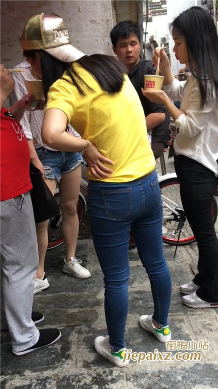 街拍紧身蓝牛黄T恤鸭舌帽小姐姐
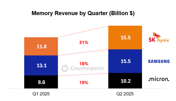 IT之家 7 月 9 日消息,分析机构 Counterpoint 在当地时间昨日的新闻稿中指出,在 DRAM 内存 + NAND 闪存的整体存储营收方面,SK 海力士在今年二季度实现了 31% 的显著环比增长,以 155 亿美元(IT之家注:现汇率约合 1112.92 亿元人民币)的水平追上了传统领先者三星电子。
···
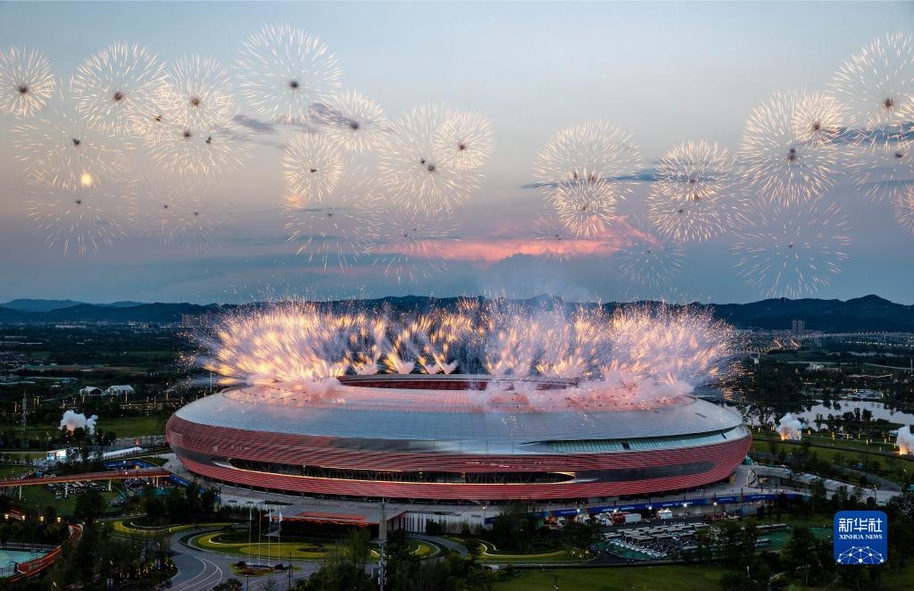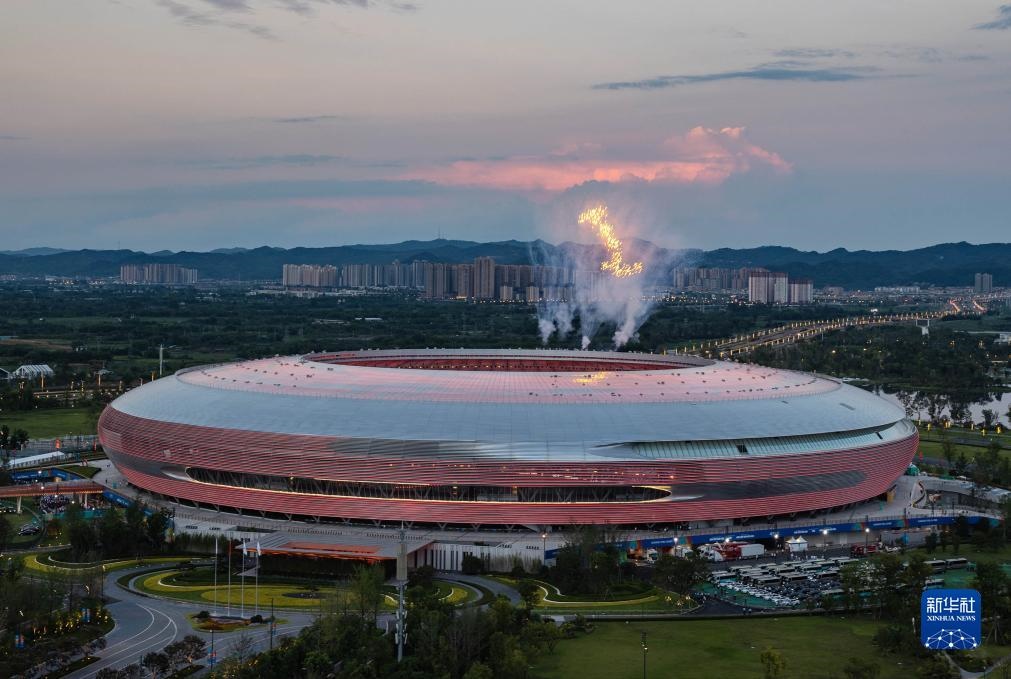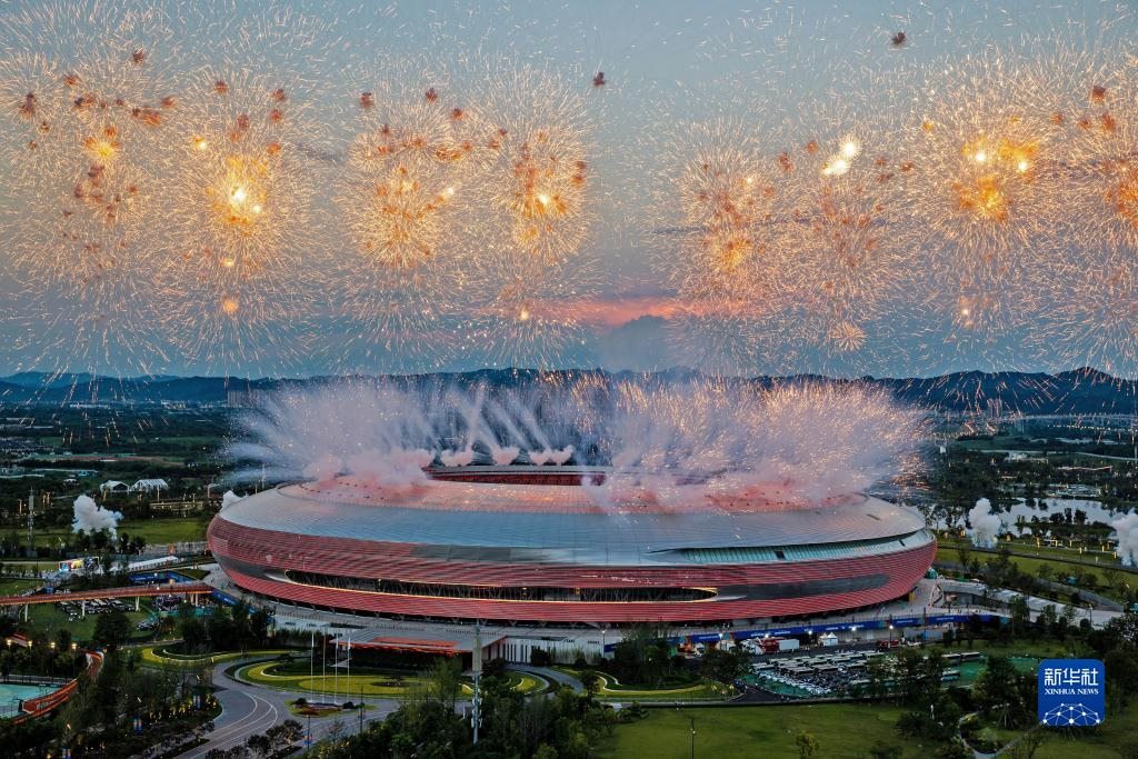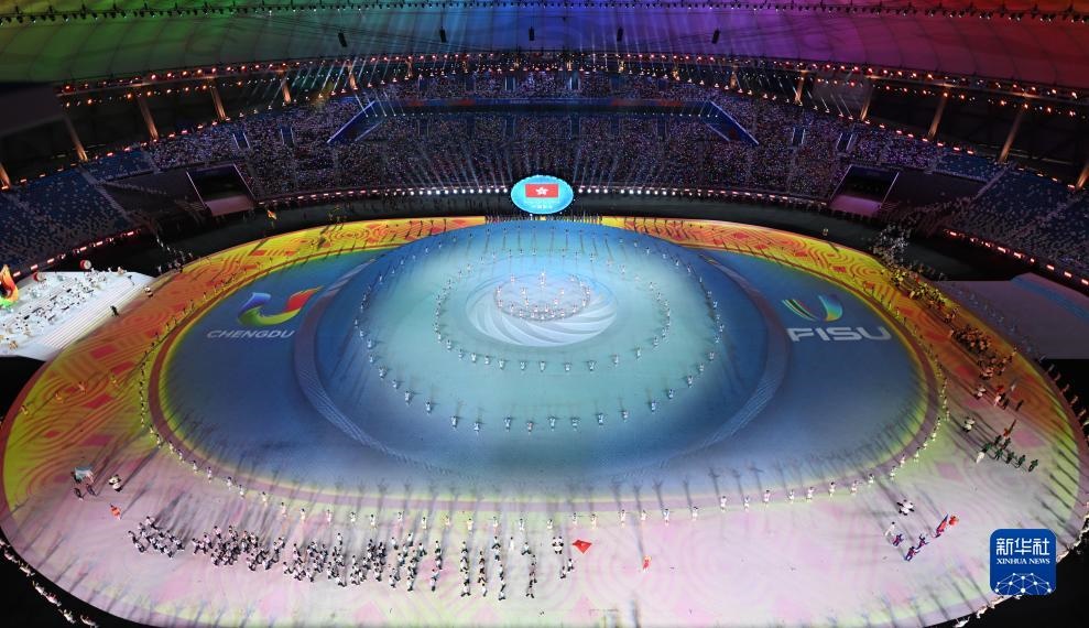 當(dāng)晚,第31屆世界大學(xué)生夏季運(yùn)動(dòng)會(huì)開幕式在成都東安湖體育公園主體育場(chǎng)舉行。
···
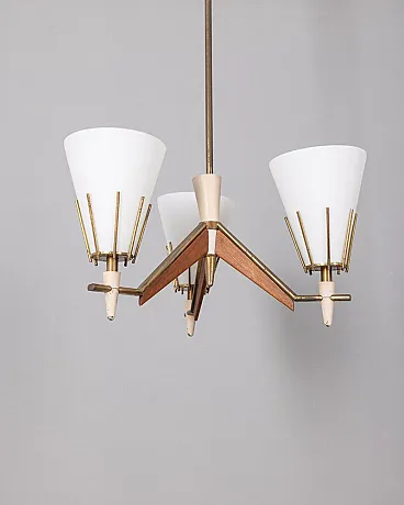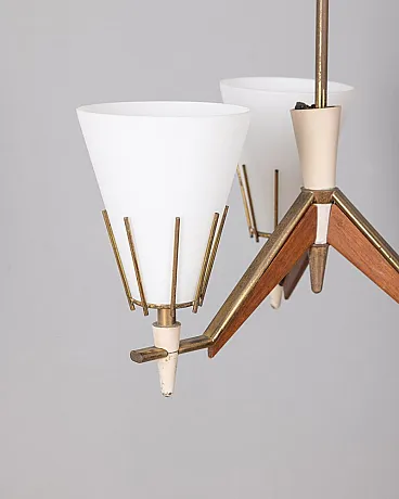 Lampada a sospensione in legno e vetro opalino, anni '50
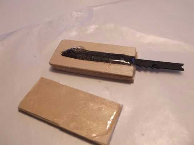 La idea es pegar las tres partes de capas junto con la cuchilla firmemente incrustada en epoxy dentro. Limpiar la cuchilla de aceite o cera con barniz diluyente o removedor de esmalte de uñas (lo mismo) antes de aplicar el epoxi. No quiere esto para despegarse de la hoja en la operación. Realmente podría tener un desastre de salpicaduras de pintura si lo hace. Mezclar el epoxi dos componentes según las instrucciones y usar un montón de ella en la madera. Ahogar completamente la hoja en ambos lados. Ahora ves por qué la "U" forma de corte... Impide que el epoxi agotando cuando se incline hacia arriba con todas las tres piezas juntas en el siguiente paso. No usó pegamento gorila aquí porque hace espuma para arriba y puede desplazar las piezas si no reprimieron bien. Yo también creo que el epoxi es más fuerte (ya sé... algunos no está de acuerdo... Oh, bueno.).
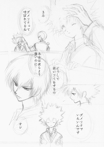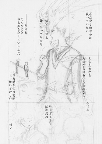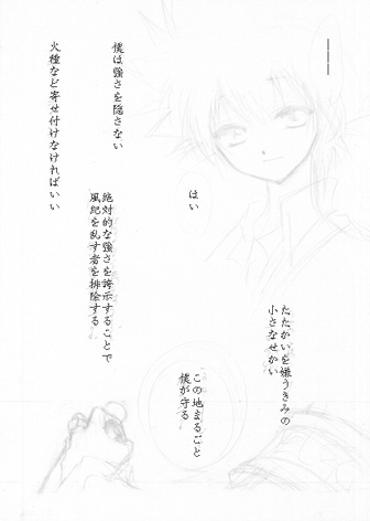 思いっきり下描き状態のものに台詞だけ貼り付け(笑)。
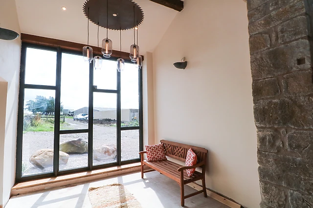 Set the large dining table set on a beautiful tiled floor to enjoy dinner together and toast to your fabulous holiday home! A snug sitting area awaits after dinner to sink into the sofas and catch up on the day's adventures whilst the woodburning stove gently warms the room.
···
WHAT TO DO:
Return the lines above from the one with "街拍紧身蓝牛黄T恤鸭舌帽小姐姐" through the one with "IT之家 7 月 9 日消息,分析机构", verbatim and nothing else. Omit every picture.

RESPONSE:
 街拍紧身蓝牛黄T恤鸭舌帽小姐姐
 IT之家 7 月 9 日消息,分析机构 Counterpoint 在当地时间昨日的新闻稿中指出,在 DRAM 内存 + NAND 闪存的整体存储营收方面,SK 海力士在今年二季度实现了 31% 的显著环比增长,以 155 亿美元(IT之家注:现汇率约合 1112.92 亿元人民币)的水平追上了传统领先者三星电子。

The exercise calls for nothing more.